И наверное, случись все это годом раньше, Фабиан бы и со Студтом поиграл дольше, и Велойча никогда не задел бы, не ранил, ставя в известность, что и это разнюхал. В самих приготовлениях было что-то мистическое; они сами доставляли Фабиану огромное удовольствие – все эти разнюхивания, изучения, подкрадывания, приготовления, все эти танцы с противником – без них стычки теряли очень много, простые победы воспринимались как что-то несъедобное, из простых поражений он отказывался извлекать уроки – вот еще, чему там учиться? И Фабиан, зная изначально, что выиграет, не мог не выиграть, потянул бы решающий момент, насладился бы предвкушением, посмаковал бы ожидание. Но.

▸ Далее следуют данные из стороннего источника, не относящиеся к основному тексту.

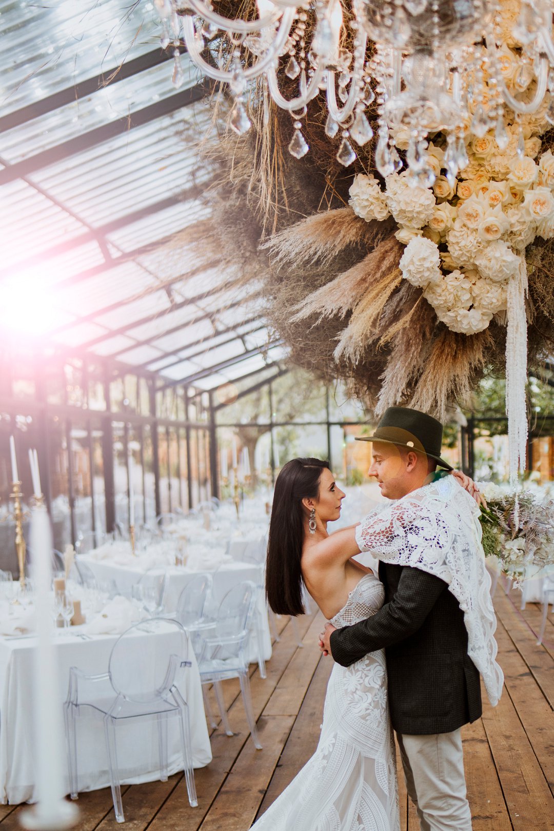Elani het die verantwoordelikheid op haarself geneem om hulle troudag te beplan, en sy het dit só geniet! ŠBoheemse tema kan soms té rustiek voorkom as dit nie heeltemal die gevoel is wat jy soek vir jou troudag nie. Elani het dit goed gedink om Šklassieke aspek hier by te voeg, om sodoende die tema meer elegant te laat vertoon.

Но он ощущал, как время обкрадывает его. В очередном центре ему сказали, что БАС неизлечим, и самые лучшие терапии, самые лучшие процедуры, самые новые лекарства в лучшем случае законсервируют развитие болезни, возможно, на несколько лет. Улучшить состояние Абеля – они всего лишь ученые, не волшебники. И Руминидис тихо сказал ему как-то, что ему не нравятся кое-какие люди, которые, возможно, следят за ними куда более усердно, чем среднеранговые шпики из госбезопасности. Фабиан понимал, что это значит: Руминидис не ошибался, и фигня, что Фабиана засекут за этим – это может отрикошетить по Абелю. Фабиан-то отбрешется, не впервой: он водил за нос многих и многих, поводит и еще. Но если вычислят Абеля – нет, этого он не хотел. Ему было плевать, что их могли застукать вместе – не в этом дело; Фабиан давно уже не разделял себя и его, ему и церемонии все эти не нужны были, чтобы знать, что вся его жизнь нужна ему, только если он может разделить ее с Абелем. Если бы Велойч просто ухмыльнулся бы и своим самым гаденьким голосом поинтересовался, как поживает тот мальчик, вокруг которого Фабиан водит хороводы, Фабиан разозлился бы: Абель не мальчик, а он не хороводы водит. Посмел бы Велойч отпустить еще и пару гаденьких шуток, так Фабиан не погнушался бы сломать ему нос. Но в качестве взаимной услуги за молчание Велойч едва бы пошел дальше: не рискнул бы он распространять информацию – ему бы эта подлость боком вышла. Фабиан был в этом уверен. И совсем другой расклад был бы, если бы про Абеля пронюхал кто-то иной, неопределяемый; сама мысль об этом вселяла в Фабиана ужас, от нее волосы вставали дыбом, крючились от ярости пальцы, и ему казалось даже, что ногти отрастают, уплотняются, твердеют и превращаются в волчьи когти, которыми он готов был вцепиться в любое горло, которое посмело бы осквернить их с Абелем отношения и ранить Абеля. Поэтому Руминидис следил и за тем, чтобы никто не разнюхал об Абеле, поэтому и Фабиан вынужден был демонстрировать куда более значительную осмотрительность.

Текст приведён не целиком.